At first, a [**$1 \times 1$ convolution**], i.e., $k_h = k_w = 1$,
does not seem to make much sense.
After all, a convolution correlates adjacent pixels.
A $1 \times 1$ convolution obviously does not.
Nonetheless, they are popular operations that are sometimes included
in the designs of complex deep networks.
Let us see in some detail what it actually does.

Because the minimum window is used,
the $1\times 1$ convolution loses the ability
of larger convolutional layers
to recognize patterns consisting of interactions
among adjacent elements in the height and width dimensions.
The only computation of the $1\times 1$ convolution occurs
on the channel dimension.

Figure below shows the cross-correlation computation
using the $1\times 1$ convolution kernel
with 3 input channels and 2 output channels.
Note that the inputs and outputs have the same height and width.
Each element in the output is derived
from a linear combination of elements *at the same position*
in the input image.
You could think of the $1\times 1$ convolutional layer
as constituting a fully-connected layer applied at every single pixel location
to transform the $c_i$ corresponding input values into $c_o$ output values.
Because this is still a convolutional layer,
the weights are tied across pixel location.
Thus the $1\times 1$ convolutional layer requires $c_o\times c_i$ weights
(plus the bias).


![The cross-correlation computation uses the $1\times 1$ convolution kernel with 3 input channels and 2 output channels.

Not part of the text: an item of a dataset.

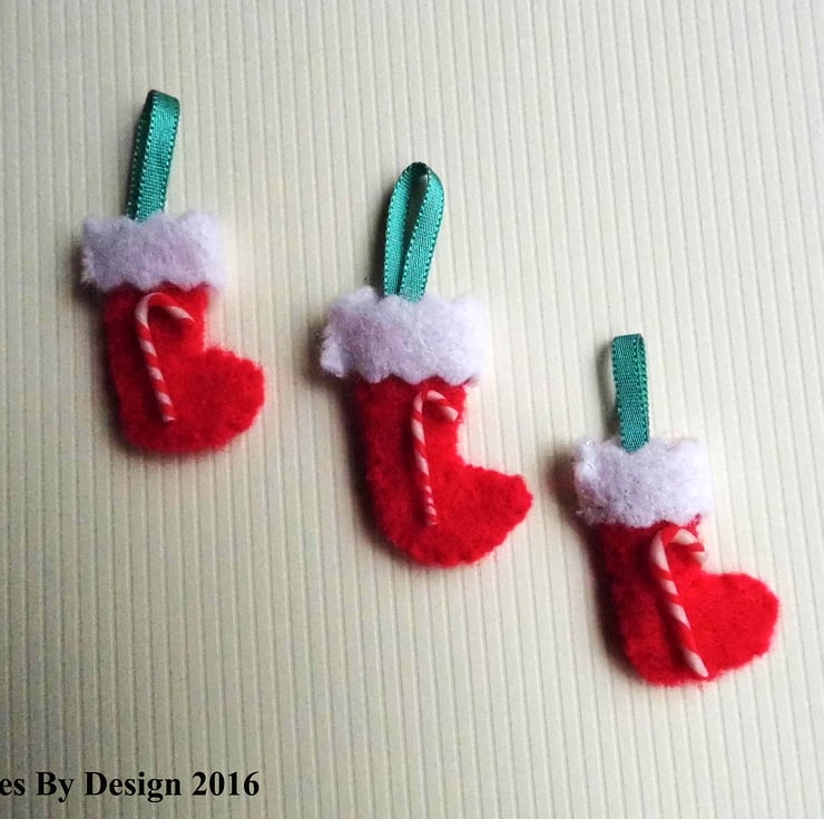 They even come supplied with a handmade polymer clay candy cane that can be popped inside the stockings.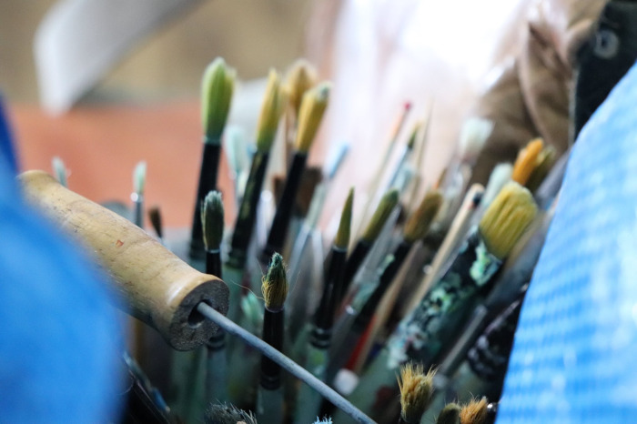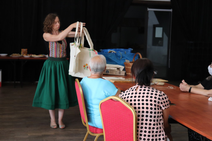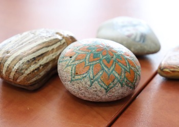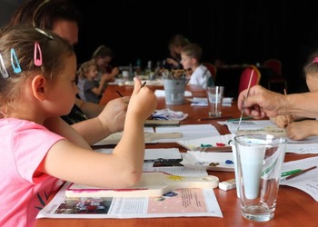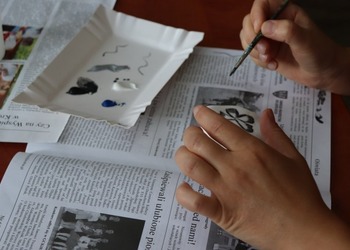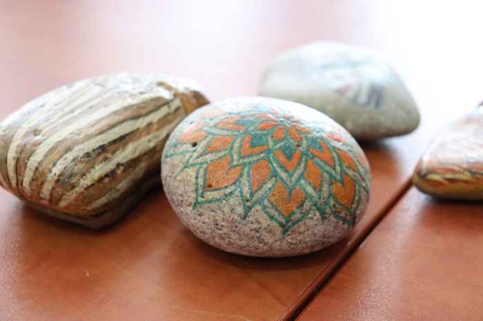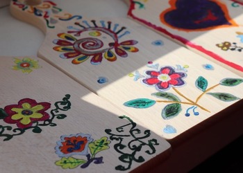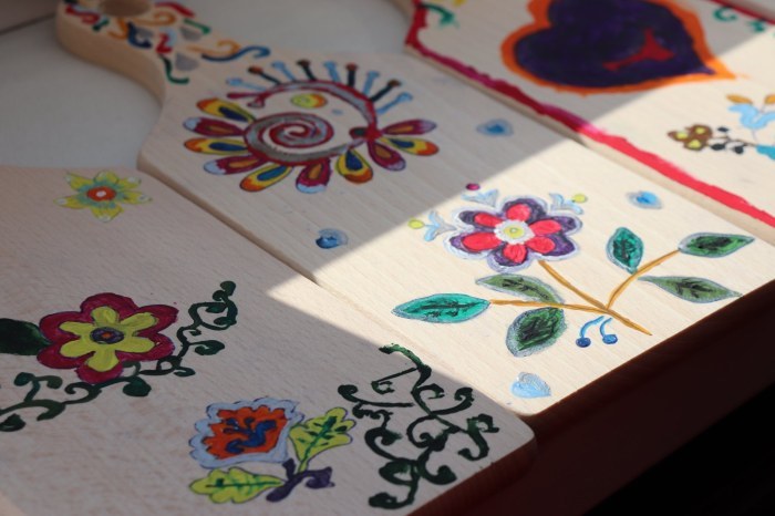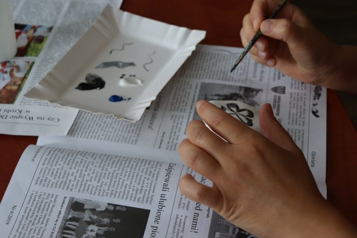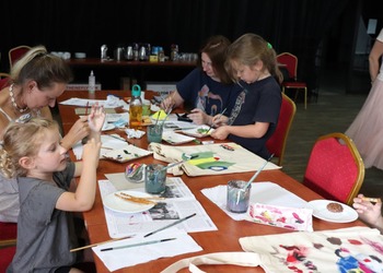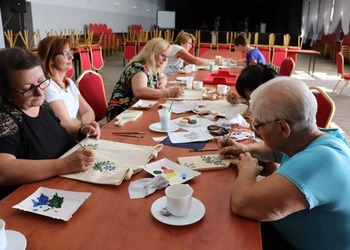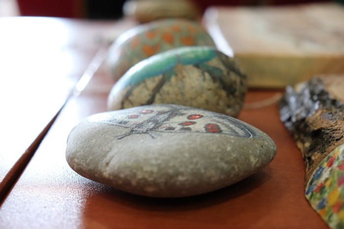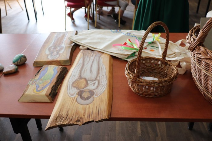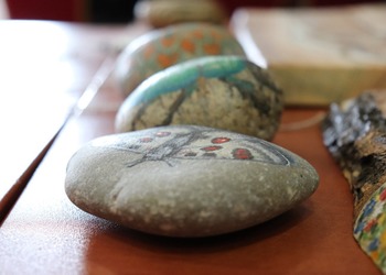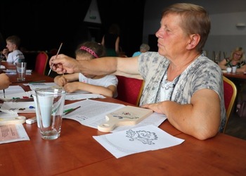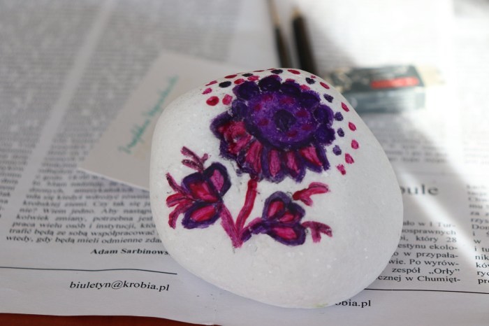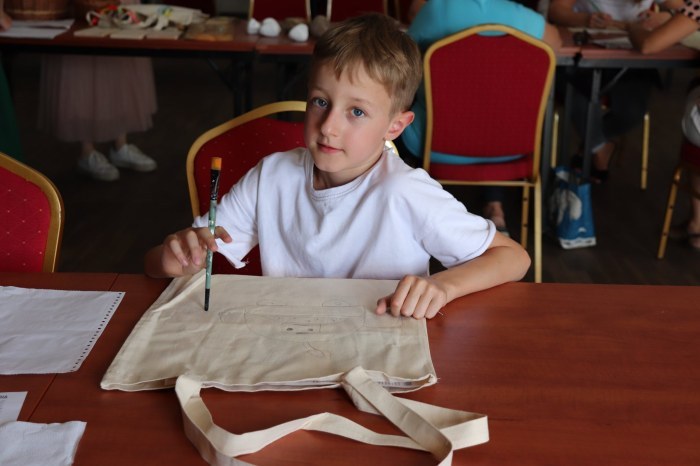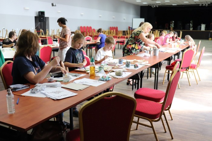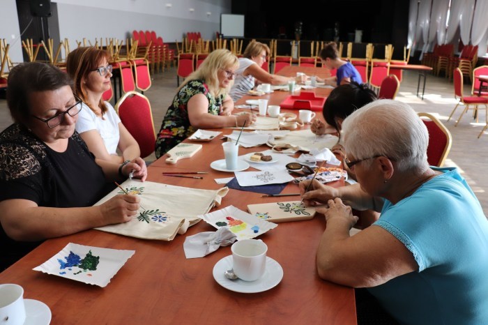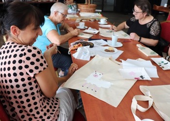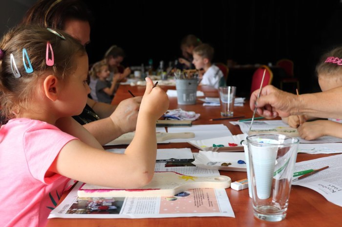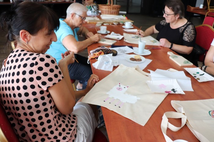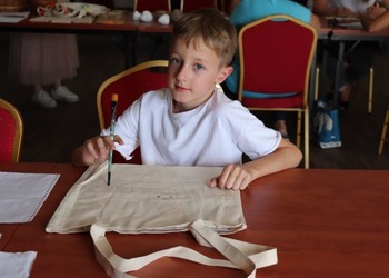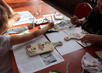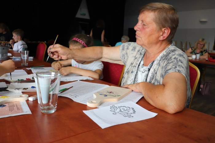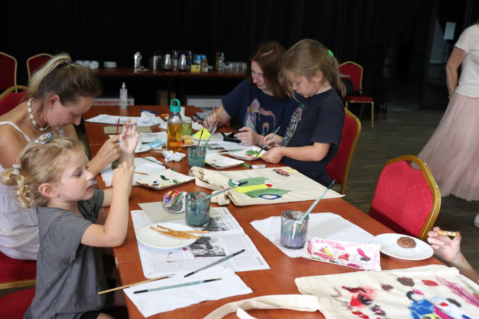Podczas pierwszych warsztatów w ruch poszły pędzle. Uczestnicy oddali się przyjemności malowania na różnych powierzchniach – do wyboru były torby bawełniane, kamienie oraz deski do krojenia chleba.

The input and output have the same height and width.](https://github.com/d2l-ai/d2l-tensorflow-colab/blob/master/img/conv-1x1.svg?raw=1)

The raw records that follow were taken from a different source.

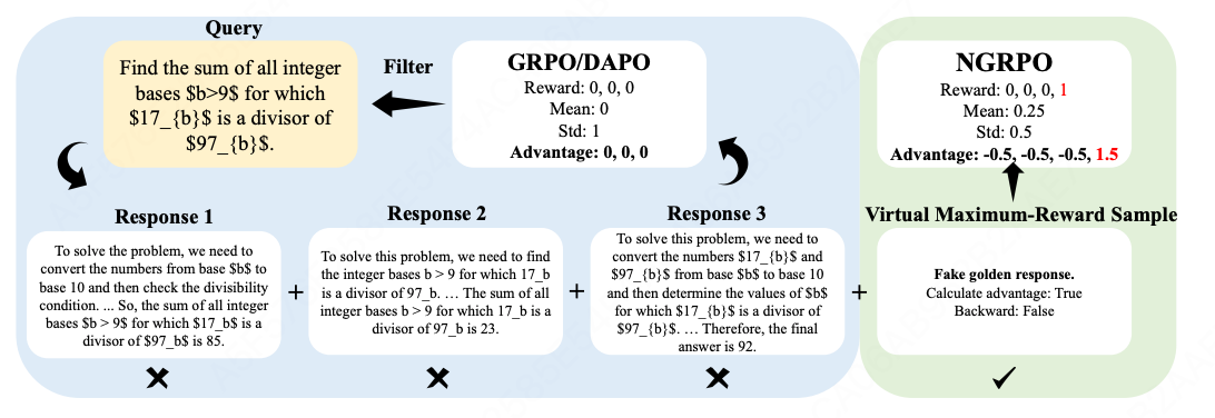 核心思想:引入虚拟最大奖励样本,改变群体内奖励的均值和方差,从而为同质化错误样本赋予非零优势,使模型能够从失败中学习并增强探索能力。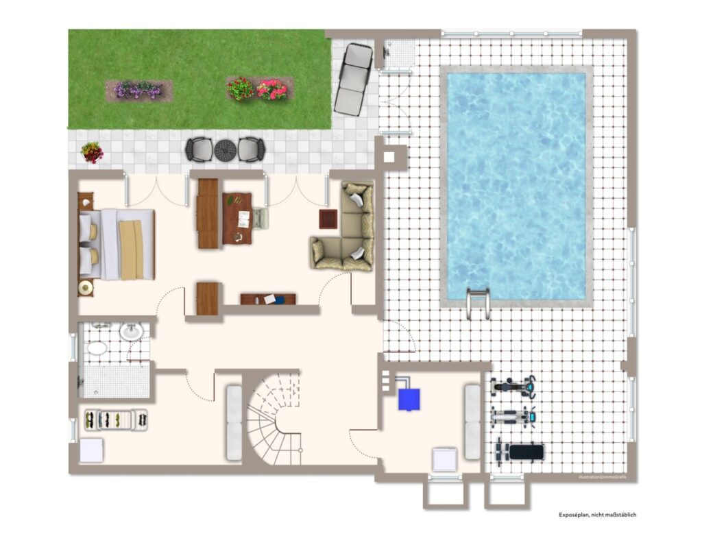 Im Untergeschoss stehen gleich zwei weitere behagliche Schlafräume mit Zugang in den Garten zur Verfügung. Ein neues Duschbad sowie ein großer Abstellraum komplettieren dieses tolle Haus. Ein herrliches Schwimmbad ermöglicht Badespaß das ganze Jahr über. Sie werden begeistert sein! Ein direkt angrenzender Bereich eignet sich hervorragend als Sport- oder Ruheraum. Auch der nachträgliche Einbau einer Sauna wäre hier denkbar.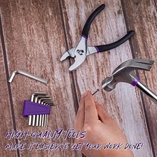 Complete Tool Collection: Comes with a full range of essential tools for tackling minor repairs and DIY tasks, featuring a hammer, pliers, screwdrivers, a tape measure, and numerous other items Sturdy and reliable: Constructed with heat treatment and chrome plating for superior corrosion resistance Convenient Storage Solution: Equipped with a plastic toolbox for neat organization and safekeeping of all your tools Easy to Carry: The toolkit is designed to be lightweight and features a convenient carrying handle, perfect for taking along to any location Great Present Option: This toolkit makes an excellent present for friends and family, suitable for birthdays, holidays, housewarming parties, and other special events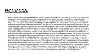 The student created a 2 minute and 15 second music video editing only using Adobe Premiere Pro. They experienced both strengths and weaknesses in the process. Key strengths included having a storyboard and shot list which made editing easier. However, weather issues made some outdoor shots feel rushed. The student also learned new editing techniques in Premiere like using color tools and effects. While happy with sticking to their plan, the main area for improvement is scheduling filming time better to get more clips.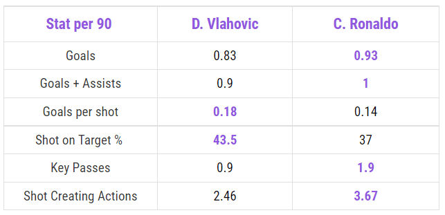Embed from Getty ImagesBeing the man to replace the legendary figure that is Cristiano Ronaldo, it’s only fitting that we compare Vlahovic’s 2021-22 season to that of the Portuguese forward’s final season in Serie A (2020-21). In order to enhance the sample size and accurately predict why he might be ‘perfect’ for Juventus, we’ve taken into account his stats for Fiorentina in 2021-22 before his January move, including his first six fixtures with Allegri’s team. Before going into the data, we must also remember that Cristiano Ronaldo is one of the greatest players to ever play the game, and was still close to his very best even last season at Juve. With that, here is how Vlahovic compares on the most statistically relevant categories.
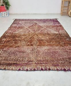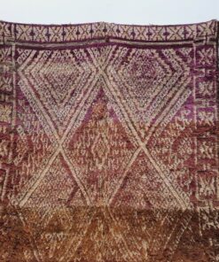 Beni M'Guild rugs, originating from the Beni M'Guild tribe in the Middle Atlas Mountains of Morocco, are striking examples of traditional Berber craftsmanship. These handwoven rugs are characterized by their deep, bold colors, intricate geometric patterns, and the use of symbolic motifs that convey the tribe's cultural stories. Often featuring a central composition surrounded by borders, Beni M'Guild rugs showcase the weaver's artistry and attention to detail. With a plush pile and a blend of rich, earthy tones, these rugs not only add warmth and texture to a space but also serve as timeless pieces that embody the heritage and creativity of the Beni M'Guild tribe.
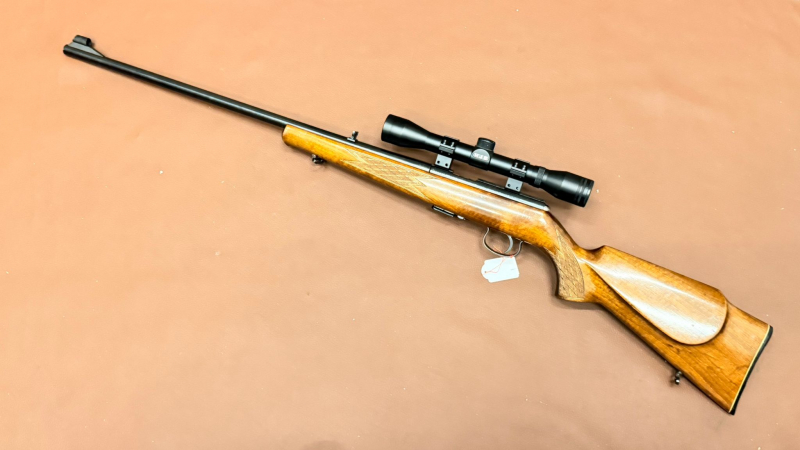 Sauber erhaltene Anschütz Mod. 1416 im Kaliber .22 LR. Lauf innen spiegelblank, Waffe voll funktionsfähig und technisch einwandfrei. Auf der Prismenschiene mit Montageringen montiert: HJB 4x32 Zielfernrohr mit Absehen ähnlich „4 Z-Plex“. Offene Visierung (Kimme & Korn) vorhanden, Kimme klappbar. Magazin im Lieferumfang enthalten. Riemenbügel vorhanden. Optisch nur wenige Gebrauchsspuren - s. Fotos.

Let us check whether this works in practice:
we implement a $1 \times 1$ convolution
using a fully-connected layer.
The only thing is that we need to make some adjustments
to the data shape before and after the matrix multiplication.


In [None]:
def corr2d_multi_in_out_1x1(X, K):
    c_i, h, w = X.shape
      #(1) getting the number of input channels
    c_o = K.shape[0]
      #(2) getting the number of output channels
    X = tf.reshape(X, (c_i, h*w))
      #(3) summing together, collapsing the input channel dimension
    K = tf.reshape(K, (c_o, c_i))
    # matrix multiplication in the fully connected layer
    Y = tf.matmul(K, X)
    return tf.reshape(Y, (c_o, h, w))

When performing $1\times 1$ convolution,
the above function is equivalent to the previously implemented cross-correlation function `corr2d_multi_in_out`.
Let us check this with some sample data.


In [None]:
X = tf.random.normal((3,3,3))
K = tf.random.normal((2,3,1,1))

In [None]:
Y1 = corr2d_multi_in_out_1x1(X, K)
Y2 = corr2d_multi_in_out(X, K)
assert float(tf.reduce_sum(tf.abs(Y1 - Y2))) < 1e-6
  #(1) asserting true: eventhough I have a different implementation,
    # this is a customized matrix multiplication interpretation of the specific 1-by-1 convolution layer

### ***Notes***
- having 1*1 kernel = looking at 1-by-1 patch: meaning that every single patch I'm looking at is one pixel
  - thus no locality: why would I need to invoke that in the first place
  - input & output have same height and width: since I'm using 1*1 patch
- it's going to be a fully connected layer since I'm not taking into any spatial structure -> but going to take the pixel value at every single location = look across channels
  - (in channel perspective): we're doing operiations jointly across channels to obtain the output = working with locality across channels
  - way to combine multiple channels
  - if we only have one channel: having 1*1 patch wouldn't make sense -> but you still have spatial information, if you look at multiple channels but at the same pixel location
    - pixel values across different relations may still be related and have spatial structures if they're the same pixel location

## Summary

* Multiple channels can be used to extend the model parameters of the convolutional layer.
* The $1\times 1$ convolutional layer is equivalent to the fully-connected layer, when applied on a per pixel basis.
* The $1\times 1$ convolutional layer is typically used to adjust the number of channels between network layers and to control model complexity.